Die Erdbeeranbauer in Mecklenburg-Vorpommern wollen noch schneller sein — sie lassen einen Teil der Früchte unter großen Folientunneln reifen. Zusätzlich sind auch ihre Pflanzen unter einer Folien- und Vliesschicht verpackt. Dadurch könne eine Verfrühung um bis zu sechs Wochen erreicht werden, erklärt Betriebsleiter Wolfgang Loll von Karls Erdbeerhof in Rövershagen bei Rostock. „Die vergangenen Jahre haben gezeigt, dass die Verbraucher regelrecht darauf warten, endlich Erdbeeren aus der Region kaufen zu können“, sagt er.

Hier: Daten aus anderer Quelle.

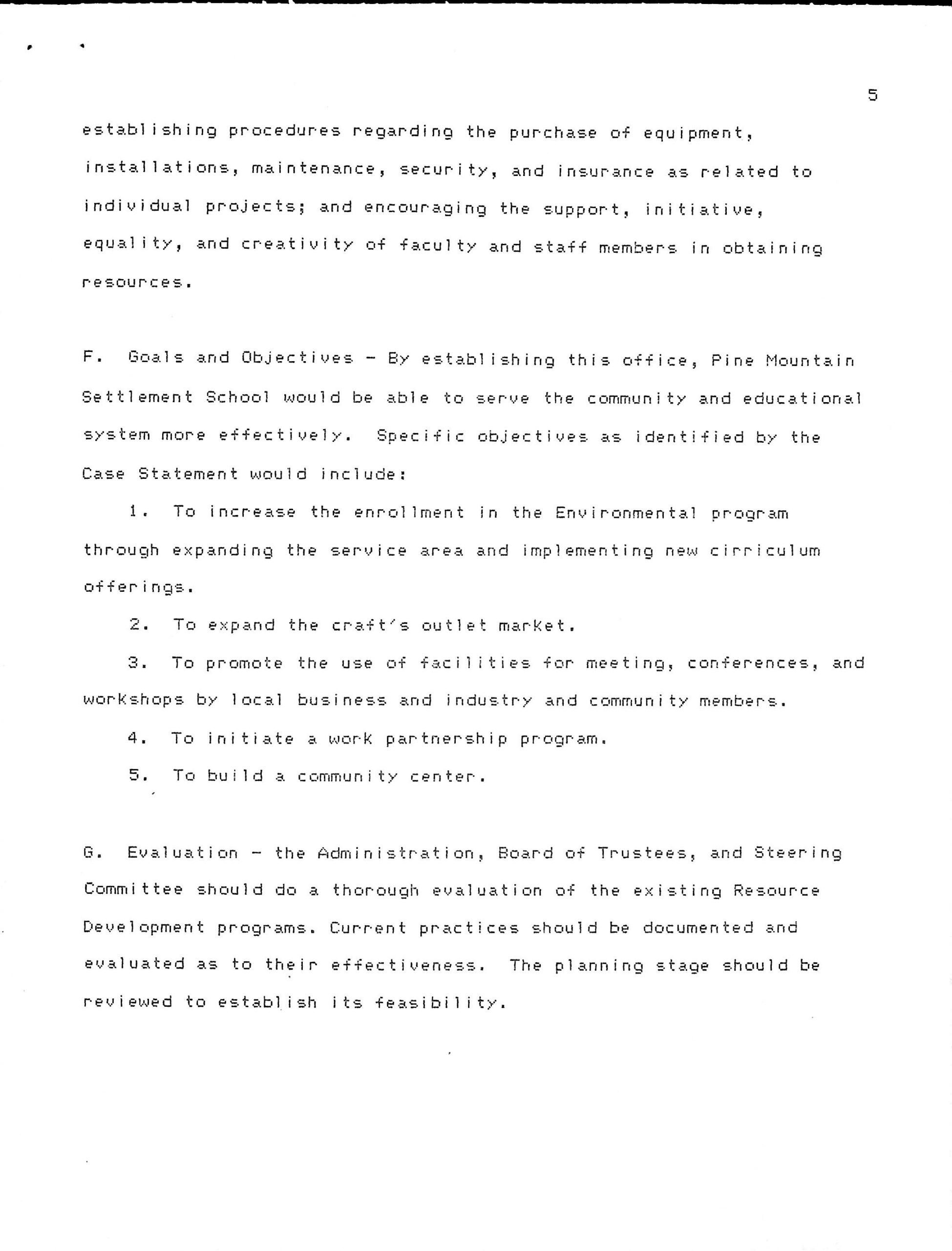 F. Goals and Objectives – By establishing this office, Pine Mountain Settlement School would be able to serve the community and educational system more effectively. Specific objectives as identified by the Case Statement would include:

„Die Kunden sind heiß darauf. Für sie bedeutet die Erdbeere den Start in den Sommer“, meint Enno Glantz vom gleichnamigen Hof in Delingsdorf (Kreis Stormarn), der in der Nähe von Wismar Erdbeeren im Tunnel anbaut, die auch im Hamburger Umland verkauft werden. „Es ist zwingend notwendig, die frühe Ware zu haben“, sagt auch Lena Goldnick. Dabei schmeckten Erdbeeren aus dem Freiland anders. „Sie haben mehr Zuckeraroma.“

Nach Auskunft der Landwirtschaftskammer ziehen nahezu alle Betriebe in Schleswig-Holstein ihren Erdbeeranbau zeitlich nach vorne. „Das sind rund 250 Hektar und 25 Prozent der Gesamtanbaufläche“, sagt Daniela Rixen von der Landwirtschaftskammer. Folientunnel sind im nördlichsten Bundesland jedoch bisher eher selten. Der Erdbeerhof Kaack in Fuhlendorf (Kreis Segeberg) beispielsweise nutzt sie auf rund drei Hektar Fläche. Die Kosten sind allerdings höher: Mindestens 50000 Euro pro Hektar kostet der Anbau unterm Foliendach.

Auch dem Spargel wird mit Folien und Minitunneln auf die Sprünge geholfen. „Sie beschleunigen die Erwärmung der Spargeldämme und halten die Wärme auch besser“, erklärt Rixen. Dennoch gibt es in diesem Jahr zu Ostern noch keinen Freilandspargel aus Schleswig-Holstein. Als Grund nennt die Landwirtschaftskammer zum einen den frühen Oster-Termin, zum anderen die eher niedrigen Temperaturen mit Nachtfrösten der vergangenen Woche. Nach derzeitigen Wettervorhersagen könnten voraussichtlich Mitte bis Ende April die ersten Spargelstangen geerntet werden. Erwartet werden laut Kammer beste Spargelqualitäten — vorausgesetzt, die Temperaturen im Damm bleiben gleichmäßig zwischen 15 und 20 Grad. Die Preise könnten leicht steigen, da die Kosten der Spargelerzeuger leicht gestiegen sind.

Bis zum 24. Juni werden in Schleswig-Holstein rund 1600 Tonnen Spargel gestochen. Am liebsten werden die weißen Stangen gegessen — der Pro-Kopf-Verbrauch liegt im Schnitt bei 1,5 Kilogramm im Jahr.

Hier wird angebaut

Die Anbaufläche von Erdbeeren liegt nach Angaben des Statistikamtes Nord bei rund 1000 Hektar, die Zahl der Betriebe bei 80. Die größten Flächen liegen in den Kreisen Herzogtum Lauenburg, Plön und Ostholstein.

Spargel wird von 60 Betrieben auf einer Fläche von mittlerweile 450 Hektar angebaut. Schwerpunkte liegen rund um Hamburg, bei Neumünster sowie zwischen Lübeck und Lauenburg.